Nosso poder de não praticar o mal
A verdadeira bondade do homem só pode se manifestar com toda a pureza, com toda a liberdade, em relação àqueles que não representam nenhuma força. O verdadeiro teste moral da humanidade (o mais radical, num nível tão profundo que escapa a nosso olhar) são as relações com aqueles que estão à nossa mercê: os animais. É aí que se produz o maior desvio do homem, derrota fundamental da qual decorrem todas as outras: o poder divino.
No começo do Gênese está escrito que Deus criou o homem para reinar sobre os pássaros, os peixes e os animais. É claro, o Gênese foi escrito por um homem, e não por um cavalo. Nada nos garante que Deus desejasse realmente que o homem reinasse sobre as outras criaturas.
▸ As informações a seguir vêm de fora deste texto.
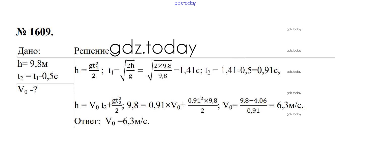 На страницах сайта gdz.today вы найдете учебный и вспомогательный материал, направленный на улучшения знаний школьной программы. ГДЗ - онлайн мир знаний Законы взаимодействия и движения тел Решение. 9 класс 1609 Сборнику задач по Физике для 7-9 класса Перышкин, Лонцова Экзамен УМК 2016

É mais provável que o homem tenha inventado Deus para santificar o poder que usurpou da vaca e do cavalo, trocando de lugar com os animais. Esse direito [o de matar um veado ou uma vaca] nos parece natural porque somos nós que estamos no alto da hierarquia. Mas bastaria que um terceiro entrasse no jogo, por exemplo, um visitante de outro planeta a quem Deus tivesse dito: "Tu reinarás sobre as criaturas de todas as outras estrelas", para que toda a evidência do Gênese fosse posta em dúvida.
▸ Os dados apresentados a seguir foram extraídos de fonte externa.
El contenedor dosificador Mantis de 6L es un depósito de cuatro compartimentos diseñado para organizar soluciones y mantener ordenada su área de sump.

O homem atrelado à carroça de um marciano – eventualmente grelhado no espeto por um visitante da Via-Láctea – talvez se lembrasse da costeleta de vitela que tinha o hábito de cortar em seu prato. Pediria (tarde demais) desculpas à vaca. Criticando Descartes: Descartes deu o passo decisivo: fez o homem ‘maître et propriétaire de la nature’. Que seja precisamente ele quem nega de maneira categórica que os animais tenham alma, eis aí uma enorme coincidência. O homem é senhor e proprietário, enquanto o animal, diz Descartes, não passa de um autômato, uma máquina animada, uma machina animata. Quando um animal geme, não é uma queixa, é apenas o ranger de um mecanismo que funciona mal. Quando a roda de uma charrete range, isso não quer dizer que a charrete sofra, mas apenas que ela não está lubrificada. Devemos interpretar da mesma maneira os gemidos dos animais, e é inútil lamentar o destino de um cachorro que é dissecado vivo num laboratório.
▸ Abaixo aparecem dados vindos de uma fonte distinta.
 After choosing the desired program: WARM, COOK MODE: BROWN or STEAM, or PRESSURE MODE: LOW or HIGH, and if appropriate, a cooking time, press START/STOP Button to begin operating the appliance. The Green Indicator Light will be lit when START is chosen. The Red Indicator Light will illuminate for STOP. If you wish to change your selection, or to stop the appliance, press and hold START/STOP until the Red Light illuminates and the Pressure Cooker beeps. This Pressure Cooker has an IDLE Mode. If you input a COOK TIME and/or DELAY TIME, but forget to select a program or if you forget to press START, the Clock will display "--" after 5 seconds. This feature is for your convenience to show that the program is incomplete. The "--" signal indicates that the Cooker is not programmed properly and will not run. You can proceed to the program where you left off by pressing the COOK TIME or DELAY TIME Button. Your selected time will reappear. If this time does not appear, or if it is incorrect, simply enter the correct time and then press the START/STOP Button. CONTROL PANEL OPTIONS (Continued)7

Nietzsche está saindo de um hotel em Turim. Vê diante de si um cavalo, e um cocheiro espancando-o com um chicote. Nietzsche se aproxima do cavalo, abraça-lhe o pescoço, e sob o olhar do cocheiro, explode em soluços. Isso aconteceu em 1889, e Nietzsche já estava também distanciado dos homens. Em outras palavras: foi precisamente nesse momento que se declarou sua doença mental. Mas, para mim, é justamente isso que confere ao gesto seu sentido profundo. Nietzsche veio pedir ao cavalo perdão, por Descartes. Sua loucura (portanto seu divórcio da humanidade) começa no instante em que chora sobre o cavalo.